Analysis of Kif17 expression in whole embryos by in situ hybridization. (A) At the 11 somite stage, kif17 is expressed broadly in the head region. (B) At 30 hpf, Kif17 is observed in the pronephros and strongly in the pronephric opening (arrow). (C) At 58 hpf, expression is observed in the eye (arrow), olfactory placode (arrow), the forming pectoral fin (arrowhead), and panel D in the lateral line organs.

Immunocytochemical (IC) localization of Kif17 in photoreceptors. (A) Immunoblot of 3-day zebrafish embryo lysate. The Kif17 band corresponds to the predicted size based on the zebrafish cDNA sequence; NP, no primary antibody. (B) Three morphological types of zebrafish photoreceptors; isolated photoreceptors break off at the position of the jagged line. (C) IC of Kif17 in isolated adult zebrafish photoreceptors. Ph, Upper left is a phase (PH), and no primary antibody control image (PI) of a rod. Upper right is a phase and a Kif17 stained rod. Middle panel is a phase and Kif17 stained single cone (left), and double cone (right). Lower panel shows co-localization of Kif17 (left) with acetylated α-tubulin (middle) along the axoneme of a rod. Small arrows point to the ellipsoid region and the large arrows point to axoneme in the OS. Bar = 10 μm. (D) EM images at the level of the connecting cilium (CC), the proximal OS, and more distal OS of a developing cone from a 3-day zebrafish larva. Note that both the proximal and distal OS images are within the most proximal one-third of the OS. Doublets adjacent to the discs are numbered 1–9; the more distal image shows two singlets (1 and 5) and 7 doublets adjacent to the OS discs. Bar = 0.33 μm.

Association of Kif17 with IFT complex proteins. (A) Consecutive confocal Z-slices of a cone double labeled with Kif17 and IFT88 antibodies. The small arrow indicates the position of the ellipsoid and the large arrow points to punctate staining along the axoneme. Bar = 10 μm. (B) Co-immunoprecipitation of Kif17 with antibodies to IFT20, IFT57, IFT88, and Kif17. IP antibodies are shown at the top and western blot antibodies on the left. Kif17 was not detected in the RE, which was at 1/5 of the volume used for IP; Kif17 was readily detected when the extract load was higher (see Fig. 1A). Beads plus RE without antibody and a mixture of IgG1 and IgG2 were used as controls for non-specific binding.
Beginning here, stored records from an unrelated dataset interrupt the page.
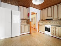 Jääviileäkaappi, lattialiesi, sähköliesi, induktioliesi, liesituuletin, astianpesukone, kaapistot, kiinteät valaisimet.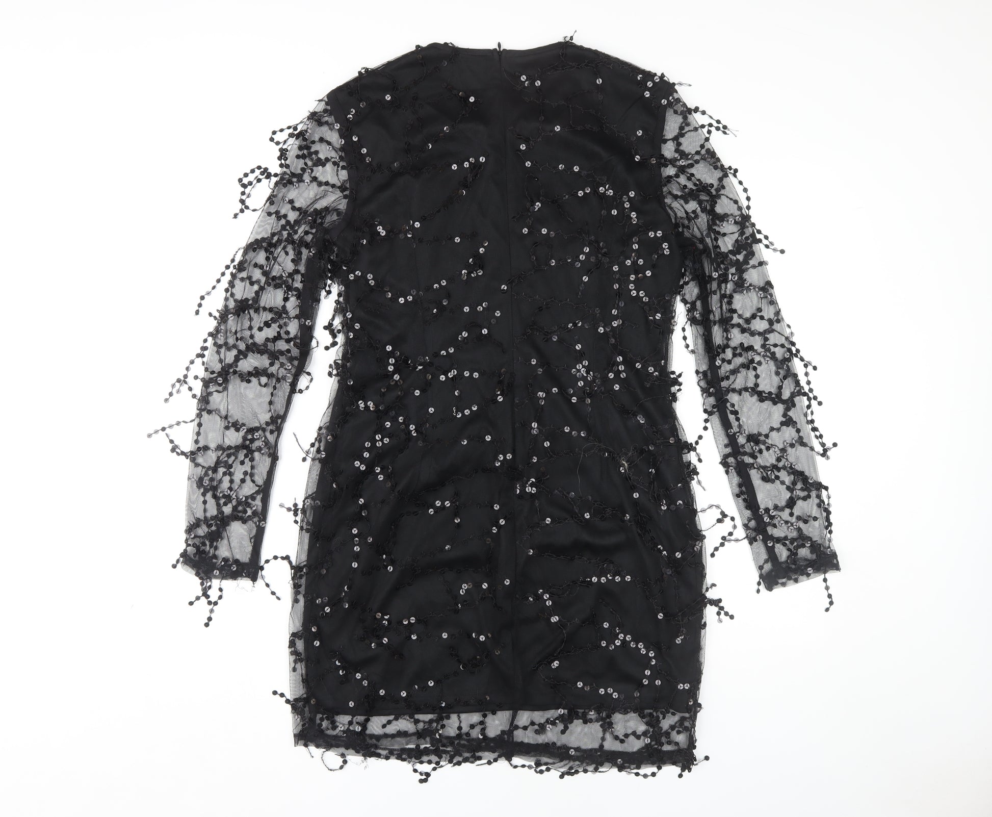 Make a stunning entrance with this PrettyLittleThing bodycon dress. Crafted in a chic black hue, it's adorned with striking sequins for that extra sparkle at parties and special events. This dress is designed in a short length, perfect for flaunting your style, with long sleeves to keep you warm during the cooler autumn and winter months. The round neckline is versatile and pairs well with your favourite accessories. With its 100% polyester construction, the fabric is both durable and comfortable, while the lining ensures a smooth fit. The zip closure at the back allows for easy dressing, saving you from any party preparation hassle. Whether you're heading to a sophisticated cocktail evening or a lively party, this dress is your go-to choice for making a fashionable impression. Perfectly suited for women who love to make a statement while ensuring comfort and style. Hand wash only to maintain the delicate sequin embellishments. A brand new condition with tags attached, this dress ensures you'll feel as wonderful as you look.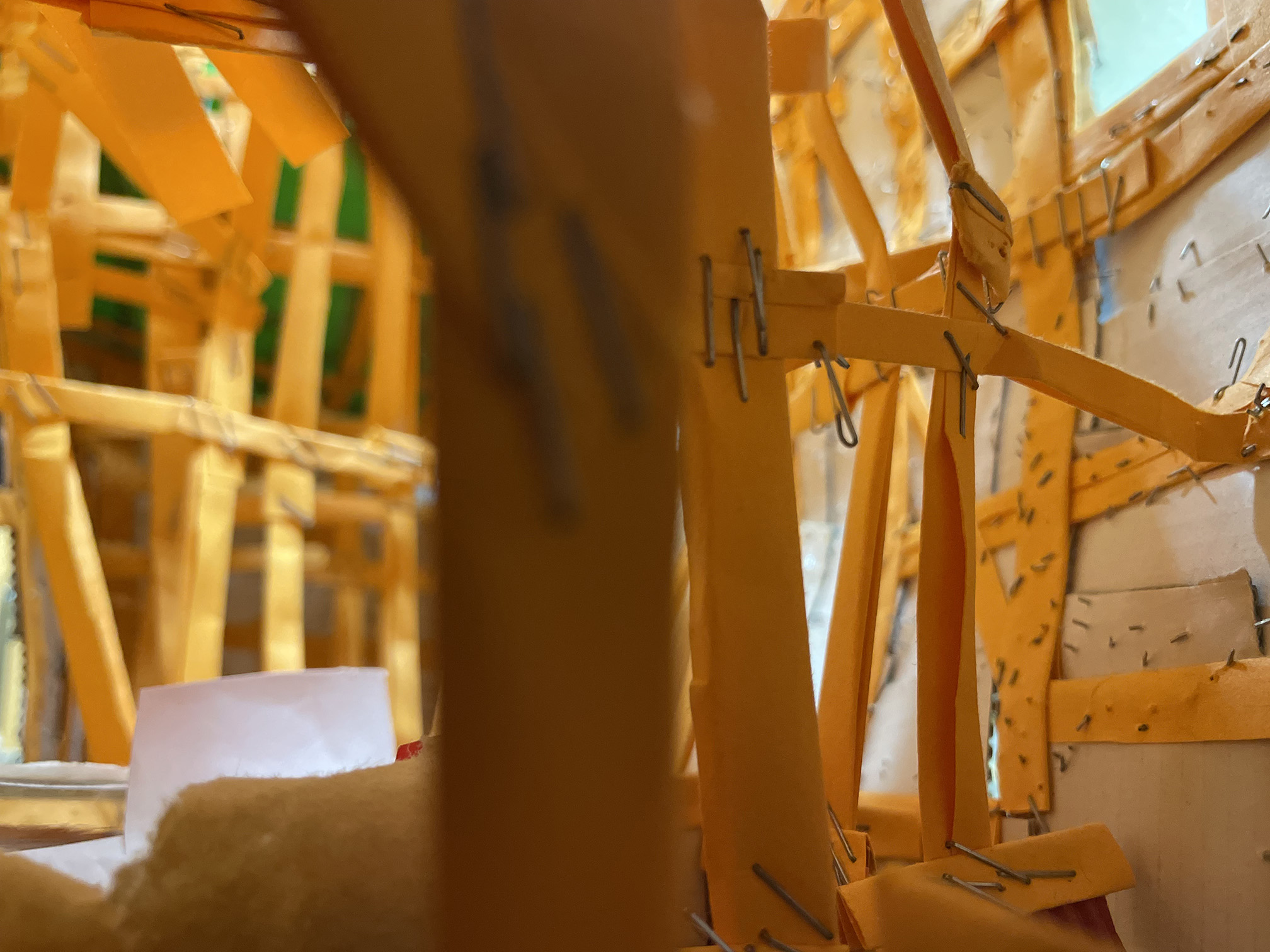 後藤の作品のタイトルはすべて「家」。今回メインで紹介した作品《家》は、じつはまだ完成していない未完成のもの。完成してしまうと内部の構造やプロセスが分かりづらくなるので、制作途中ではあるが、許可を貰ってこの《家》を紹介することにした。後藤は2013年頃から家をモチーフに制作している。きっかけは自宅のリフォームだったという。家族が家づくりで話し合っていると興味をもち、建築の図面もよく見ていたそうだ。最初のころの作品は手近にあった紙類を使っていたが、やがて自分で材料を購入するようになる。まず土台になる紙に間取りの平面図を引き、全体の構造を考え強度のための柱を配置する。ホチキスの手法も自分で考案した。初期からみると家の完成度はかなり上がっている。

In separate gels, IFT antibodies were shown to co-IP using anti-IFT antibodies in zebrafish as previously shown for mouse retina (Baker et al., 2003). (C) IP experiment as in panel B in which the blot was cut into two pieces; the upper portion was stained for Kif17 and lower portion for IFT57. Note that as reported in mice (Pazour et al., 2002), two bands are detected with the IFT57 antibody but only the upper band is present in the co-IPs.

Disruption of Kif17 splicing by an antisense morpholino oligonucleotide. (A) Mis-splicing of the Kif17 mRNA caused by blocking the exon 2 donor sequence. RT-PCR primers in exons 1 and 3 (small arrows) generate a smaller product in morphant embryos. (B) The morphant RT-PCR product sequence reveals an out of frame fusion to a cryptic splice donor within exon 2 resulting in a mRNA predicted to encode a Kif17 protein truncated at amino acid 102. (C) Morphant (mph) and control (invert sense) injected 3-day zebrafish larvae. (D) Western blots of 3-day embryos showing the reduction of Kif17 in morphants; anti-γ-tubulin was used as a loading control.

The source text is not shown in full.